= Flounder tramping =

Method of catching fish

Flounder tramping is a traditional method of catching flounder or other flat fish by wading in shallow water and standing on them.

This method of fishing was used in the coastal waters and river estuaries of South West Scotland, particularly at Palnackie on the Solway, for centuries. Once trapped the fish were often secured by impaling them on a leister before being bagged. A leister is the local name for a trident or three pronged long handled spear. Although traditional, the use of leisters to aid capture is no longer permitted (presumably for safety reasons).

A similar technique is still used in Cumbria, particularly in the Duddon Estuary and Morecambe Bay, where it is called treading.
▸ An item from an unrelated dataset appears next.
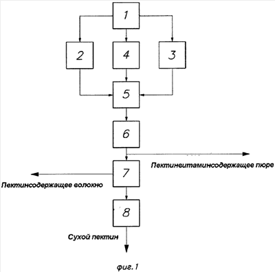 Полученную дисперсную массу после кавитационной обработки направляют на центрифугу 47 для разделения на жидкую пектинсодержащую фазу и твердую – пищевое пектинсодержащее волокно в поле действия центробежных сил при факторе разделения FR=6000-100000 до содержания в жидкой фазе низкомолекулярной взвеси не более 2,0-2,6%, затем жидкую фазу направляют на грубую фильтрацию на пресс-фильтре 50. Фильтрацию ведут при рабочем давлении 0,3 МПа до достижения в жидкой фазе взвеси не более 1,5-1,7%, затем отфильтрованную на пресс-фильтре 50- полученную жидкую фазу через накопительную емкость 51 направляют в микрофильтрационную установку 53. Последнюю ведут через керамические трубчатые мембранные фильтрующие элементы с рабочими размерами пор 0,5-0,3 мкм при давлении 0,3 МПа до содержания в жидкой фазе низкомолекулярной взвеси не более 0,8-1,0% при регулируемой температуре 45°С. Затем жидкую пектинсодержащую массу через накопительную емкость 54 направляют на очистку и концентрирование высокомолекулярной пектинсодержащей жидкой фазы на ультрафильтрацию в установку 56, затем диафильтрацию и нанофильтрацию соответственно на установки 57 и 60. Диафильтрацию и нанофильтрацию ведут с использованием керамических трубчатых или металлокерамических мембранных фильтрующих элементов с размерами пор 0,07-0,1 мкм и менее при рабочем давлении в аппаратах 0,4-0,5 МПа до достижения в высокомолекулярном пектинсодержащем концентрате низкомолекулярной взвеси не более 0,15-0,18% при регулируемой в теплообменном аппарате температуре 50-65°С, что обеспечивает концентрирование жидкой фазы до 14-18% пектиновых веществ. Накопленный в емкости 61 жидкий пектинсодержащий концентрат подвергают сушке в низкотемпературной сушильной установке 63 при температуре 13,7-50°С с конечной массовой долей влаги сухого порошка пектина 7,0-7,8% или в иных сушильных установках. Далее пектин расфасовывают.

Treaders wade along channels at low water until they tread on a flounder; the fisher will then lift the fish by inserting a finger into the gill opening of the fish.
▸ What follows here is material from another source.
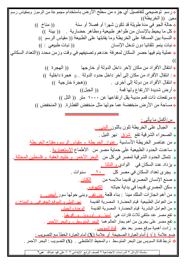 أقوى مذكرة فى الدراسات الاجتماعية للصف الرابع الابتدائي ترم ثاني 2018 مستر محمد ناصر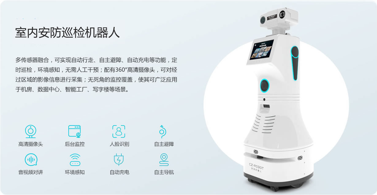 | 智能安防巡檢機器人是基于“人工智能+”設計開發的智能機器人平臺,集機器人視覺 系統、音視頻數據采集、消防和安防、無人駕駛技術于一體,搭載360°紅外攝像、超聲波雷達、雙目視覺攝像頭、網槍、催淚瓦斯噴射器、水炮、干粉滅火器等設備,基于輪式小車 實現全天候自動巡邏,360度聲音圖像同步回傳,自動躲避行人及障礙物。支持快速行走功 能,當發生異常時,可實現快速部署及現場支援,為用戶提供智能安全服務,是社區、學校 等公共場所人民群眾的保護神! |

==Flounder tramping championships==
On the first Saturday each August, at Palnackie, on the Urr Water, hosts the World Flounder Tramping Championships. Several hundred competitors walk out onto the mud flats of the Urr Water estuary, south of the village, at low tide. They feel for flounder hiding beneath the mud with their toes, and trap the fish beneath their feet. The competition is held to raise funds for the Royal National Lifeboat Institution.

In July 2010 Dumfries and Galloway Council announced its intention to ban the flounder tramping championships on "Health and Safety" grounds.